A result of this was that when people like myself became eager to see whether a player near the top had won votes after his team was announced, there was less suspense than in previous Brownlow counts. A lot of ridiculous and irrelevant time wasting about developing footy overseas - environmentally ludicrous given footy requires a surfeit of land only the southern and western states of Australia can provide - would have been better replaced by slow and more relaxed reading of the votes. An alternative was to provide more and better footage of the games where Brownlow votes were taken - the would have been enough space for nine games as we will have from next year with good footage if all irrelevant program material were deleted - even perhaps for slow motion highlights.

At first, I told my mother I was not enjoying the Brownlow count, but later, even as she politely declined more than one pie or any sausage roll as part of the party, I found it fascinating. As a number of rank outsiders like Andrew Swallow and Matthew Boyd obtained considerable numbers of votes, I noticed for the first time in watching Brownlow counts that North Melbourne have had the second-longest Brownlow drought in the VFL/AFL, not having won for twenty-eight years. Though Boyd and especially Swallow faded out, Hawthorn's Sam Mitchell attracted constant attention as he led the count for most of the night despite being ineligible due to a one-match suspension. there was no precedent apart from Chris Grant of the Western Bulldogs in 1997 for an ineligible player obtaining nearly so many votes as Mitchell did. Moreover, the highlights became better-broadcast and I came to enjoy watching it even if I was generally lolling about the fragile couch to get a good view.

Another twist that made the night fascinating was Gary Ablett junior reaching twenty votes for newcomers Gold Coast even though they received the wooden spoon.
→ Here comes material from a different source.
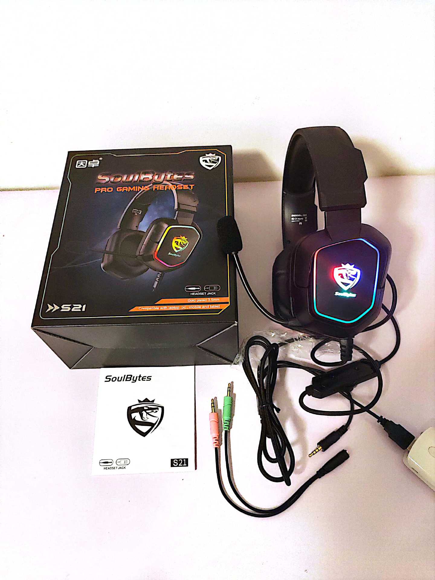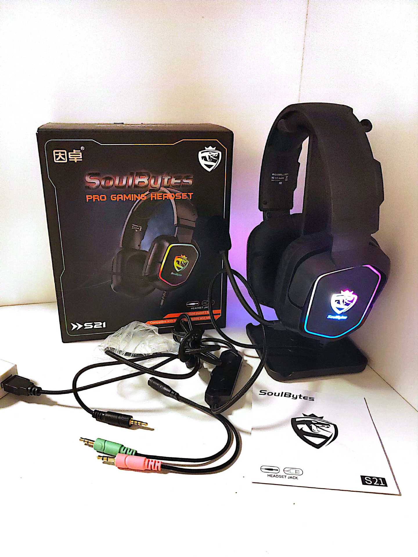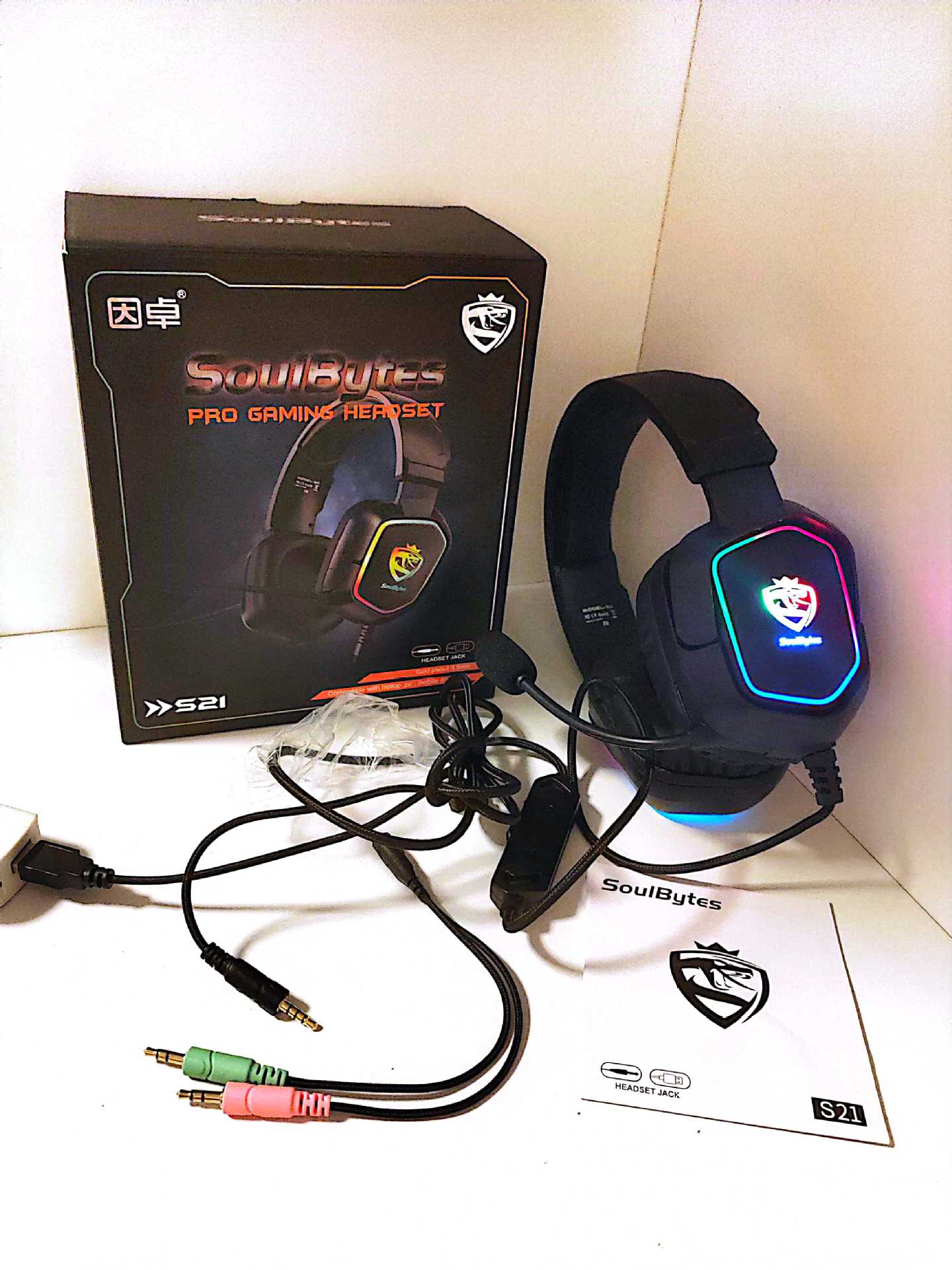 PS4游戏耳机,带有麦克风的有线PC游戏耳机,3.5mm过耳低音立体声,控制噪音,用于Xbox One S的彩色LED灯,Nintendo开关,PC,笔记本电脑,平板电脑,手机;

No player for a wooden spoon team had received twenty votes since Gary Hardeman of Melbourne in 1974, when votes for teams losing a game were much more frequent due to the lack of scrutiny during the count.

Then, when Mitchell finally faded there was the surprise of Nick Dal Santo winning 3-vote after 3-vote during St. Kilda's form recovery. My mother being a strong Saint fan, she was really excited at a Dal Santo Brownlow making up for a disappointing year for the Saints, but by Round Twenty, when I was really enjoying the count, it seemed clear that he had little chance as the familiar and expected name of Collingwood's Dane Swan received votes in most of the games he was predicted to. Moreover, the suspense returned as Collingwood's and swan's unbeatable form his a peak from the early August matches, and he received votes even when the Magpies got an expected scare from Brisbane.

As a finale to a day that delivered more than it promised, Swan received in the end more votes than any other player, and I, utterly tired, managed still to watch him receive the award. It was really exciting, though, to hear the discussion of Swan's record.